ComfyUI/DESIGN.md

# Disk tier safetensors streaming design audit (ComfyUI)

## Mandatory research audit (verified call sites)

### ComfyUI load path + eager materialization sites
- `comfy/utils.py:load_torch_file` currently uses `safetensors.safe_open` and iterates all keys to build a full `sd` dict (eager tensor materialization). It also returns metadata only after reading all tensors.【F:comfy/utils.py†L58-L93】
- `comfy/utils.py:calculate_parameters` and `weight_dtype` iterate `sd.keys()` and then access `sd[k]` to compute `nelement()`/`dtype` (loads tensors).【F:comfy/utils.py†L109-L128】
- `comfy/utils.py:state_dict_prefix_replace` mutates dicts by `pop`+assignment (materializes if used on a streaming mapping).【F:comfy/utils.py†L135-L144】
- `comfy/model_base.py:BaseModel.load_model_weights` builds `to_load = {}` by iterating keys and popping tensors, then passes a fully materialized dict to `load_state_dict` (RAM spike).【F:comfy/model_base.py†L301-L318】
- `comfy/model_detection.py` reads `state_dict[key].shape` in many branches for detection (must be metadata-only).
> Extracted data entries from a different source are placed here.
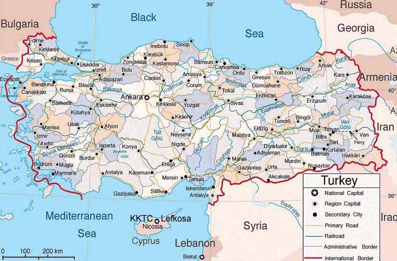 Two friends and I kicked it up a notch, though, in the summer of 2005. We took a cross-Turkey hitch-hiking trip. It was a blast. I have no idea how many kilometers we covered, but if I ever find the map I kept, I'll try to post the route we took. I've linked a map of Turkey, so folks can at least get an idea of the scale. We started in Istanbul, and finished there, having visited Nevşehir, Malatya, Hasan Keyf (not shown), Urfa, Mardin, Batman (no joke, check the map), Tatvan, and then some other obscure places: Doğubeyazıt and Çalderon (basically, this place was Iran), before Diyarbakır, whence we took the train to the 'Bul.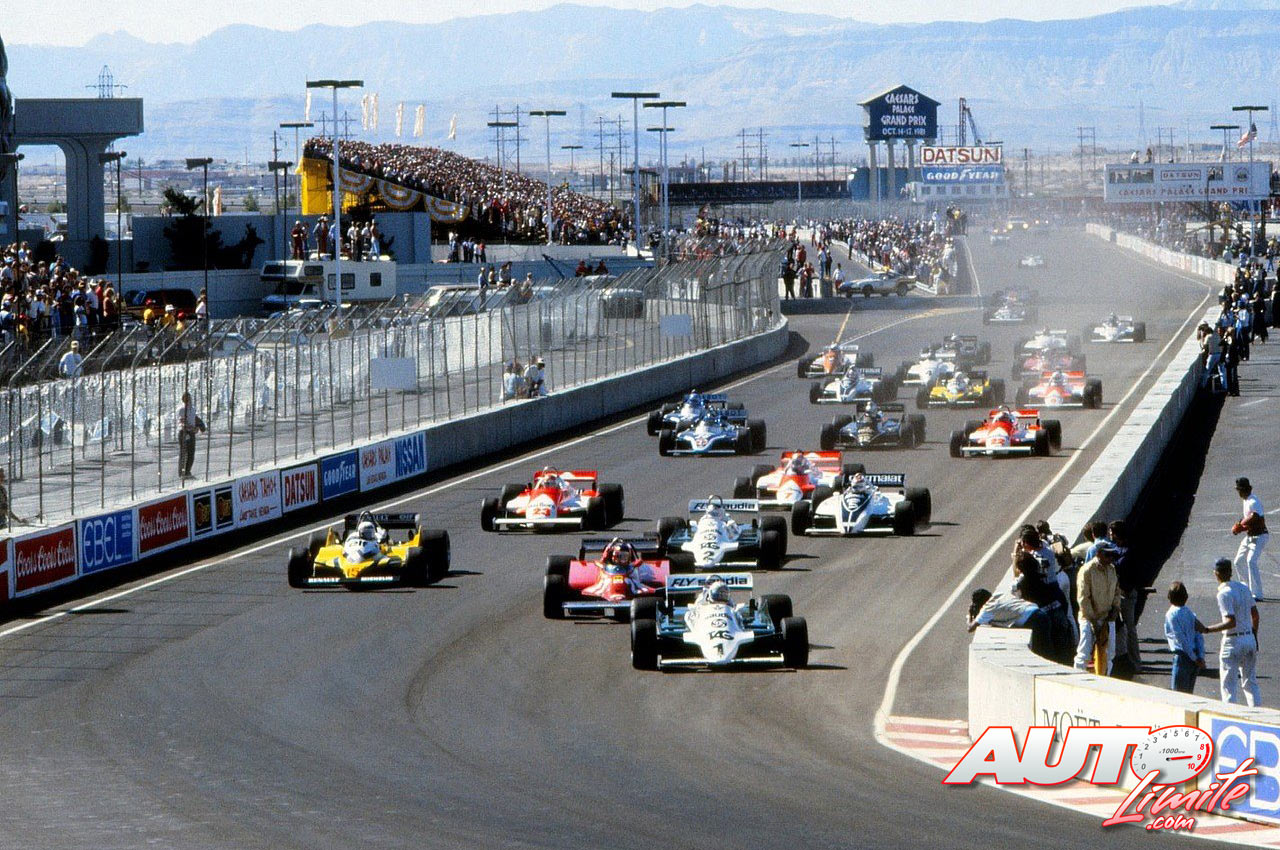 Salida del GP de Las Vegas de 1981, disputado en el circuito Caesar Palace, construido para la ocasión en la ciudad de Las Vegas (EEUU).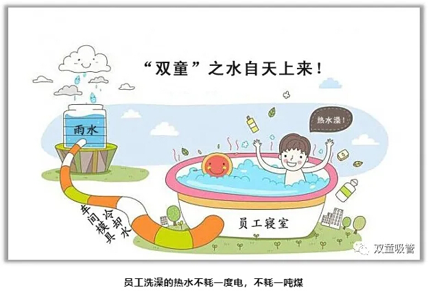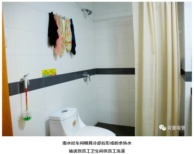 這些雨水在經(jīng)過過濾后就可以作為消防用水、車間模具冷卻用水!最神奇的是,“雙童”員工洗澡的熱水不耗一度電,不耗一噸煤,全部是收集好的雨水經(jīng)車間模具冷卻后形成的余熱水哦!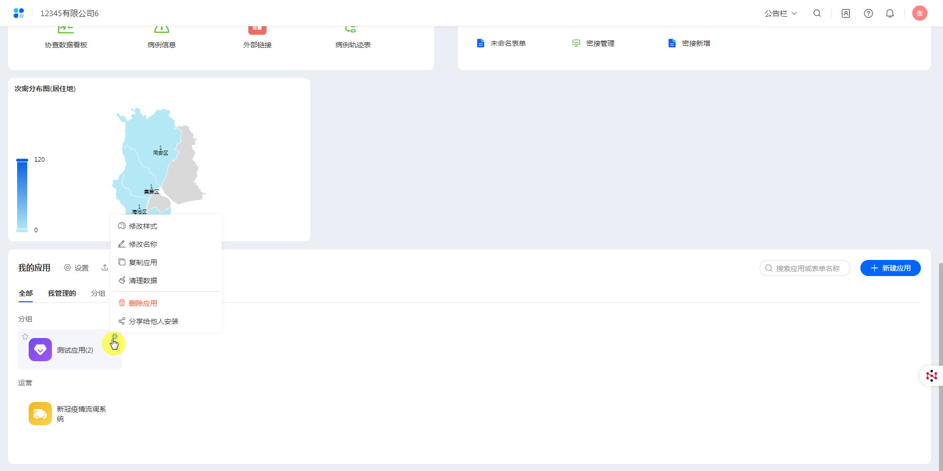 注意:删除应用会将该应用内部的表单、报表、数据一并删除,且不可逆,请慎重操作!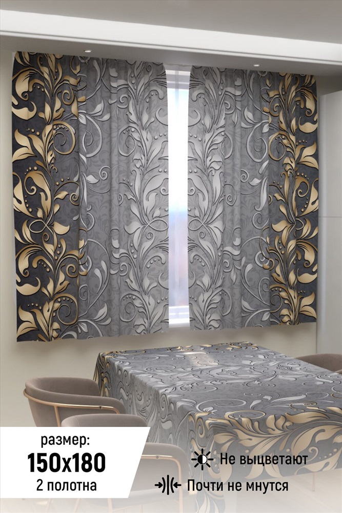 Размер: 2 шторы 150x270 см, 2 шторы 200x270 см, 2 подхвата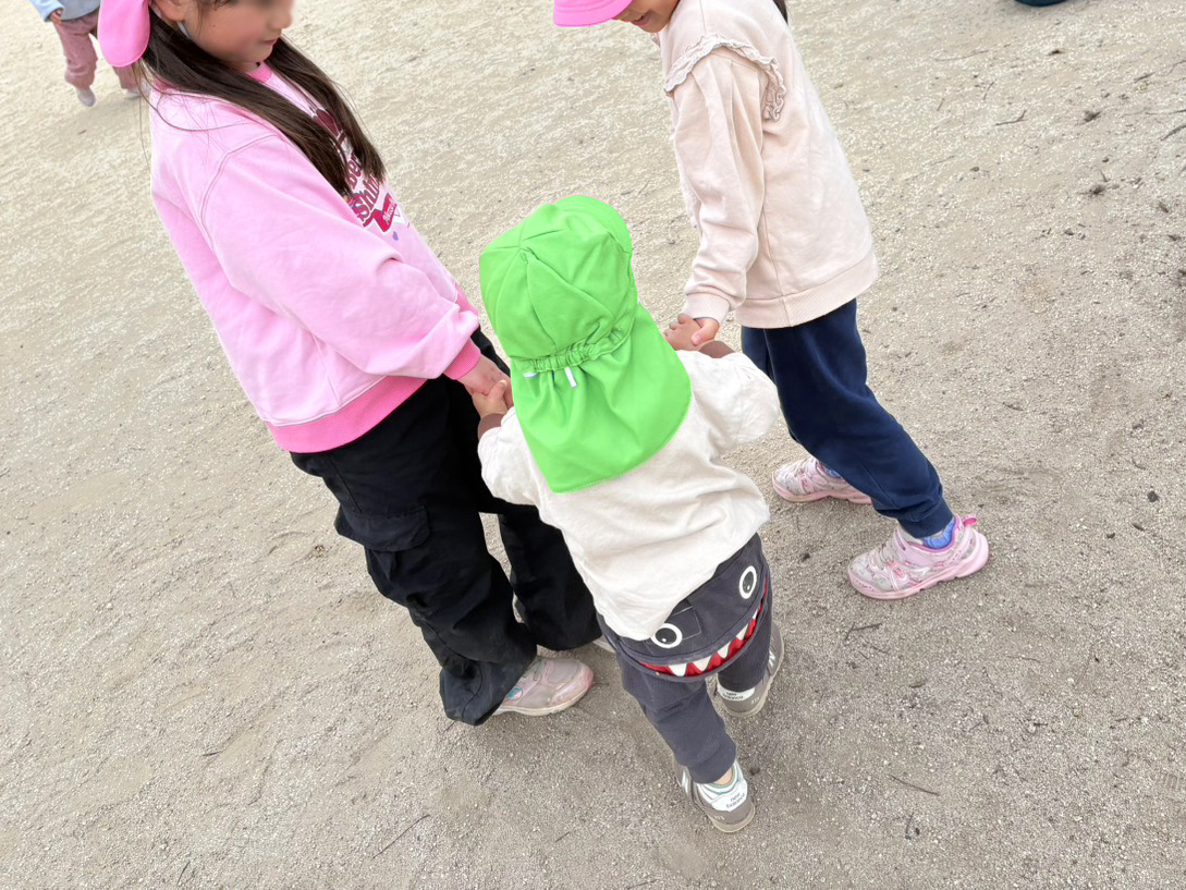 お兄さんお姉さんたちはお外ではあまり交流のない下のクラスの子と手を繋げて満足♪

Example: `calculate_transformer_depth` and numerous `detect_unet_config` branches read shapes directly from `state_dict` values.【F:comfy/model_detection.py†L21-L200】
- `comfy/sd.py` loads checkpoints, then slices, renames, and computes parameters/dtypes by reading tensors (e.g., `calculate_parameters`, `weight_dtype`, `process_*_state_dict`, and special scaled-FP8 conversion that builds new dicts).【F:comfy/sd.py†L1304-L1519】
- Direct safetensors load outside `load_torch_file`: `comfy/sd1_clip.py:load_embed` and `nodes.py:LoadLatent.load` use `safetensors.torch.load_file`, bypassing the core loader.【F:comfy/sd1_clip.py†L432-L434】【F:nodes.py†L521-L529】

### FastSageTensors (fastsafetensors) capability audit
- Header parsing and metadata:
  - `fastsafetensors/common.py:SafeTensorsMetadata` parses the header and builds per-tensor `TensorFrame` with `dtype`, `shape`, and `data_offsets` (no tensor allocation).【F:../third_party/fastsafetensors-main/fastsafetensors/common.py†L63-L187】
  - `TensorFrame` stores dtype/shape/offsets and supports slicing metadata.【F:../third_party/fastsafetensors-main/fastsafetensors/common.py†L238-L338】
- GDS + no-GDS low-level readers:
  - `fastsafetensors/cpp.pyi` exposes `gds_file_reader`, `gds_file_handle`, `nogds_file_reader`, `cpu_malloc`, `gpu_malloc`, and alignment helpers such as `get_alignment_size()`.【F:../third_party/fastsafetensors-main/fastsafetensors/cpp.pyi†L1-L43】
  - GDS availability checks are in `fastsafetensors/cpp.pyi`: `is_gds_supported`, `is_cufile_found`, `cufile_version`, and `init_gds`.【F:../third_party/fastsafetensors-main/fastsafetensors/cpp.pyi†L36-L43】
- DLPack wrapping:
  - `fastsafetensors/dlpack.py` provides `from_cuda_buffer()` which creates DLPack capsules for both CPU and GPU buffers via a device descriptor and is used for `torch.from_dlpack`.【F:../third_party/fastsafetensors-main/fastsafetensors/dlpack.py†L232-L239】
- Torch framework interop:
  - `fastsafetensors/frameworks/_torch.py:TorchOp` provides `alloc_tensor_memory`/`free_tensor_memory`, dtype mapping, and uses `torch.from_dlpack` for wrapping raw pointers into tensors.【F:../third_party/fastsafetensors-main/fastsafetensors/frameworks/_torch.py†L131-L205】

### VRAM/RAM offload logic (for extension)
- `comfy/model_management.py` handles VRAM/RAM offload via `free_memory` and keeps tracking of loaded/offloaded memory (needs integration for RAM disk tier).【F:comfy/model_management.py†L584-L612】
- `comfy/model_patcher.py` implements module-by-module offload/low-vram weight casting (`comfy_cast_weights`) and partial unload/load (needs to integrate disk tier for RAM eviction).【F:comfy/model_patcher.py†L663-L955】

## Strategy summary (implemented)

### Streaming safetensors mapping (no full dict materialization)
- [x] Introduce a new module `comfy/safetensors_stream.py` with:
  - [x] `TensorMeta` and `SafeTensorIndex` (metadata-only parsing with `fastsafetensors.SafeTensorsMetadata`).
  - [x] `StreamStateDict` as a mapping backed by `SafeTensorIndex`, exposing metadata-only `keys()`/`__iter__` and loading tensors on demand.
  - [x] Lightweight mapping views: `PrefixViewStateDict`, `FilterViewStateDict`, `RenameViewStateDict` for lazy prefix/filter/rename without eager loading.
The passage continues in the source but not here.